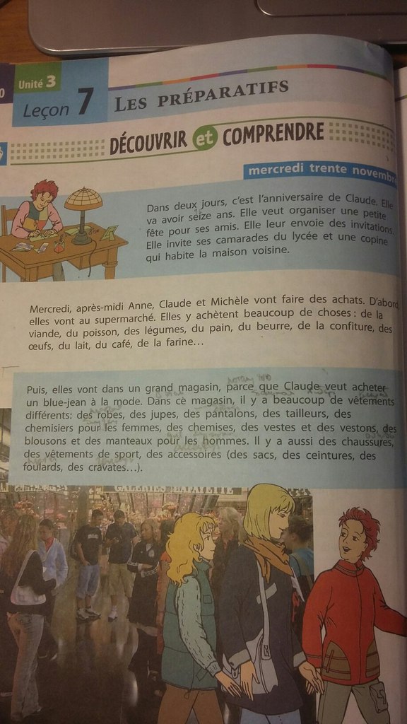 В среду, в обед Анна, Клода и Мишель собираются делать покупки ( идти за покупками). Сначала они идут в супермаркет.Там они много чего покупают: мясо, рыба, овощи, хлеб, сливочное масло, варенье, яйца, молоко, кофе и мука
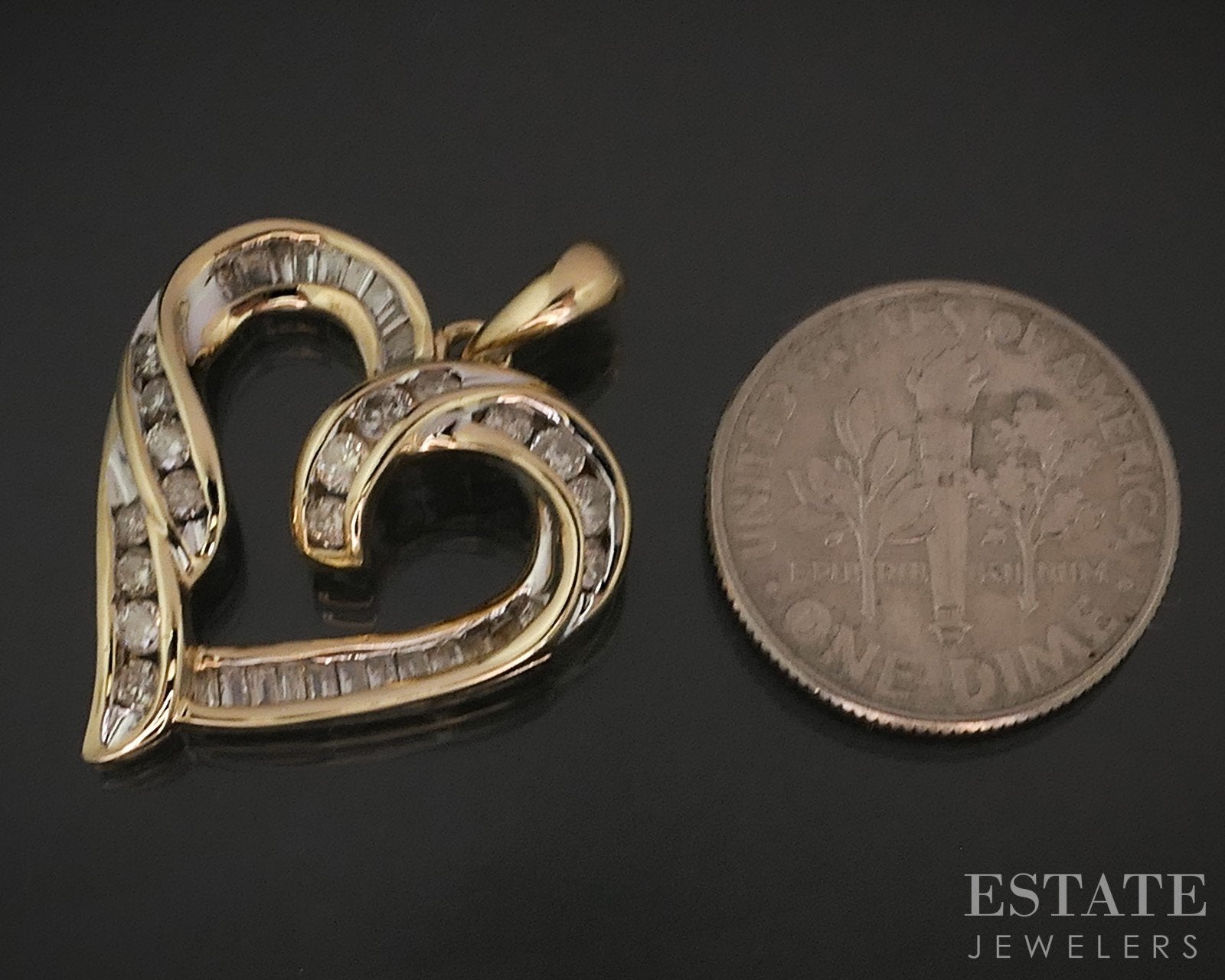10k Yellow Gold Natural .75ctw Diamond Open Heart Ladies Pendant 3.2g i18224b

════

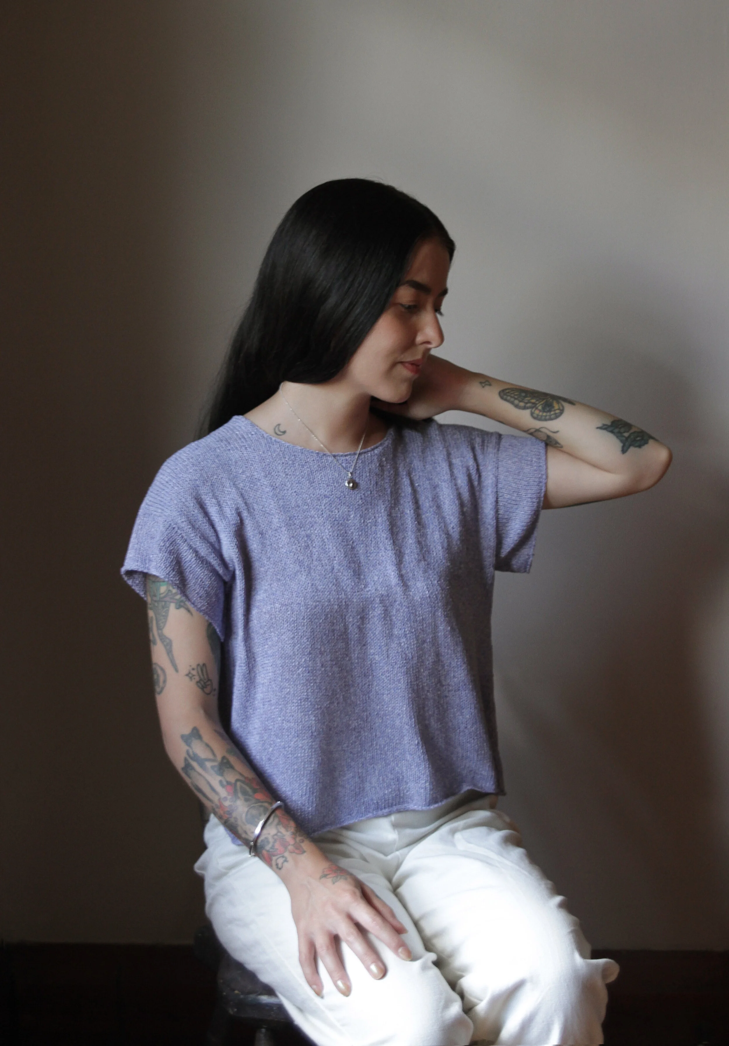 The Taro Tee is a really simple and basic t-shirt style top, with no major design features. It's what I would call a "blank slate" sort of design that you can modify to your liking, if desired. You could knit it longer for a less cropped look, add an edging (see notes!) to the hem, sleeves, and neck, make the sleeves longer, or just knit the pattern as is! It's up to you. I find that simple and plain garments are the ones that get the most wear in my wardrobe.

════

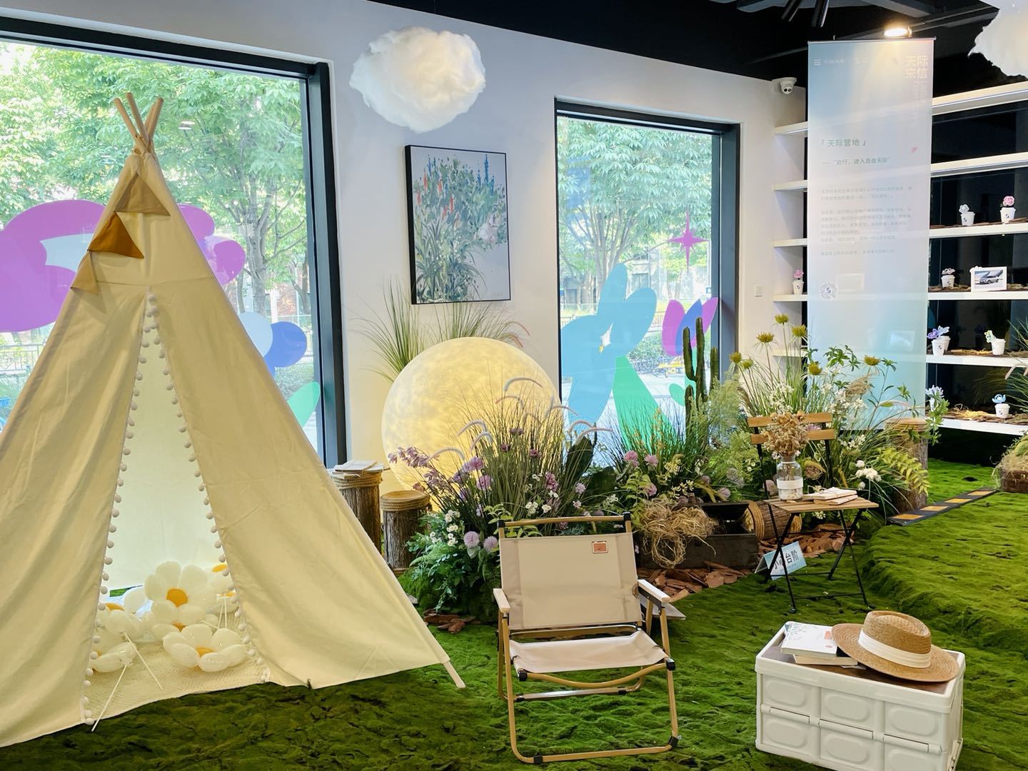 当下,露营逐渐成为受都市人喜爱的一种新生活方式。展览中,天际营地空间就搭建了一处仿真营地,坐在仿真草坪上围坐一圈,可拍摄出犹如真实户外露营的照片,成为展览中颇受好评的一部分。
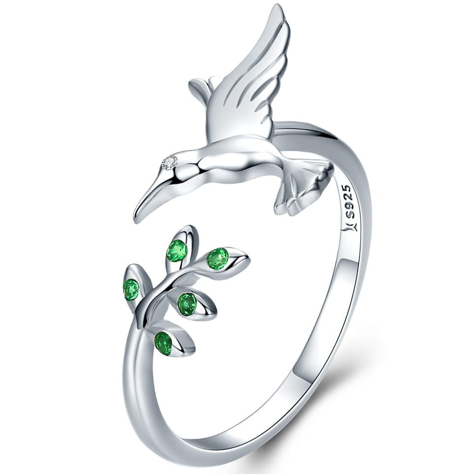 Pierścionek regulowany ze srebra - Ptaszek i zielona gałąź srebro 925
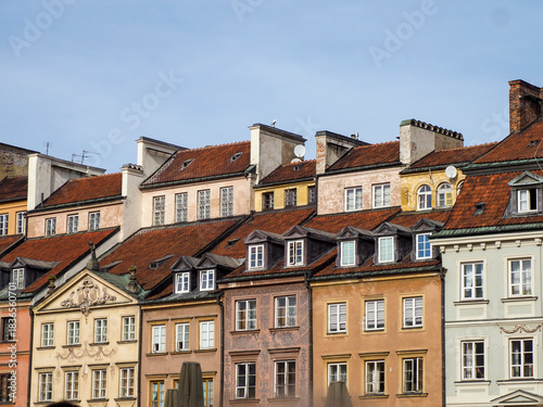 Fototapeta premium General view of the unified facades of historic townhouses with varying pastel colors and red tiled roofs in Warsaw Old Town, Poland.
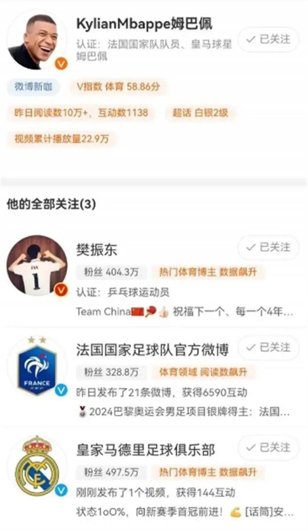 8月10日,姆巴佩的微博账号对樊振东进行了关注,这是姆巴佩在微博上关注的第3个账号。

════

■ Problem requirements:
Everything above from the line with "В среду, в обед" through the line with "10k Yellow Gold" should be retyped exactly, and nothing else; omit pictures.

■ Task response:
 В среду, в обед Анна, Клода и Мишель собираются делать покупки ( идти за покупками). Сначала они идут в супермаркет.Там они много чего покупают: мясо, рыба, овощи, хлеб, сливочное масло, варенье, яйца, молоко, кофе и мука
10k Yellow Gold Natural .75ctw Diamond Open Heart Ladies Pendant 3.2g i18224b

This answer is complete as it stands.